*** Opening Data records ***
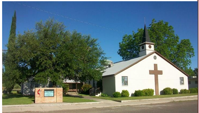
First UMC – McCamey
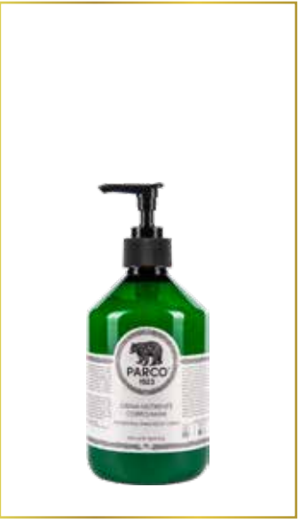
NOURISHING HAND/BODY CREAM 500 ml
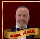
DIANA ART CONSTRUCTION METRO AREA RESIDENTIAL CONTRACTOR OF THE YEAR DIANA ART CONSTRUCTION

2024 ARCHITECTURE & CONSTRUCTION RED AWARDS PHOTOS
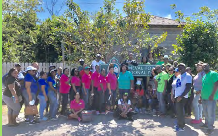
Field trip with teachers from Ministry of Education's Professional Development Workshop
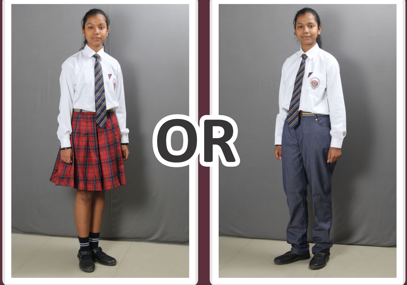
Note : Girls will wear divided skirts.
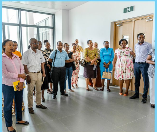
16 teachers trained at UDSM Library on cataloging, sustainability & digital access
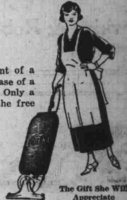
The Gift She Will Appreciate

It's a fact. We will positively make you a present of a complete set of famous attachments with each purchase of a Grand Prize Eureka between now and Christmas. Only a limited number of Eureka's can be secured with the free attachments and we urge you to phone us at once and we will deliver our latest model right at your door on a free cleaning trial. Then test for yourself the speed and thoroughness of Eureka cleaning.
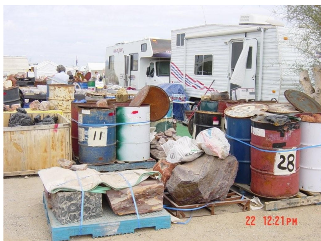
And more rocks...
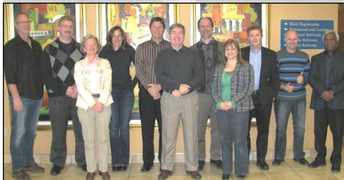
IT Manager Institute #45 - 2011 London, Ontario Canada
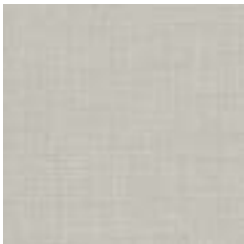
W2-DD-04 DESERT GREY
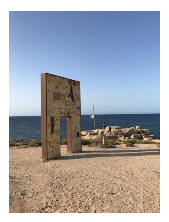
Figure 3. The Gate of Lampedusa—Gate of Europe by Mimmo Paladino.

and a "symbol" recalling "the inhumane death of migrants drowned or missing at sea, which we have passively witnessed," and to transmit its memory to future generations.<sup>52</sup> It is a giant gate open to the Mediterranean Sea, indicating the role of the island as an entrance to Europe. It gives visual substance to the idea of Lampedusa as a border and, at the same time, transforms the land beyond it into a stage. Not by chance, it has become the favorite place for official photos of participants in social and political events on the island, including the recent summit of the police chiefs from nine Mediterranean countries. Even Matteo Salvini, leader of the Northern League, a political movement with a strong anti-immigration stance, posed in front of it for the photographers.
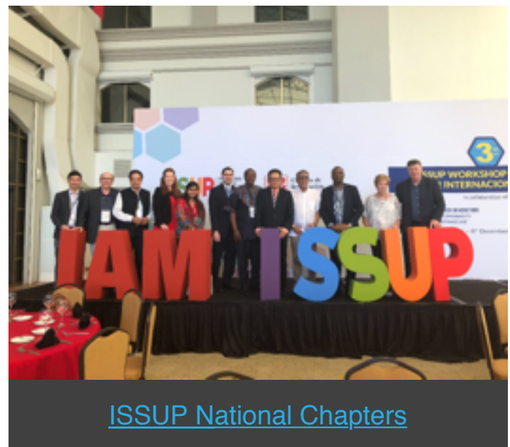
ISSUP National Chapters
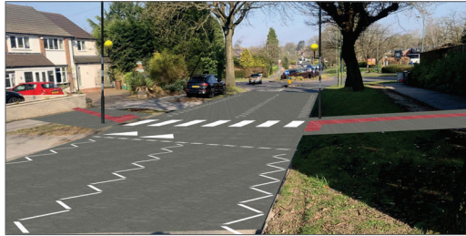
PROPOSED LAYOUT *5
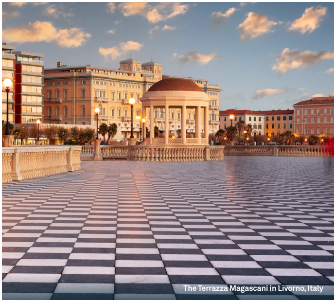
The Terrazza Magascani in Livorno, Italy
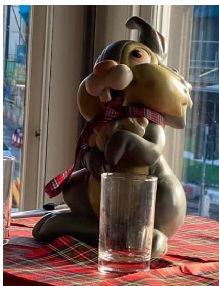
A Rabbits – Toast
*** Closing Data records ***
Description of the task:
An exact copy is required of the lines from the one holding "Figure 3. The" to the end of the entries above, both included; no pictures belong in it.

Expected output:
Figure 3. The Gate of Lampedusa—Gate of Europe by Mimmo Paladino.

and a "symbol" recalling "the inhumane death of migrants drowned or missing at sea, which we have passively witnessed," and to transmit its memory to future generations.<sup>52</sup> It is a giant gate open to the Mediterranean Sea, indicating the role of the island as an entrance to Europe. It gives visual substance to the idea of Lampedusa as a border and, at the same time, transforms the land beyond it into a stage. Not by chance, it has become the favorite place for official photos of participants in social and political events on the island, including the recent summit of the police chiefs from nine Mediterranean countries. Even Matteo Salvini, leader of the Northern League, a political movement with a strong anti-immigration stance, posed in front of it for the photographers.
ISSUP National Chapters
PROPOSED LAYOUT *5
The Terrazza Magascani in Livorno, Italy
A Rabbits – Toast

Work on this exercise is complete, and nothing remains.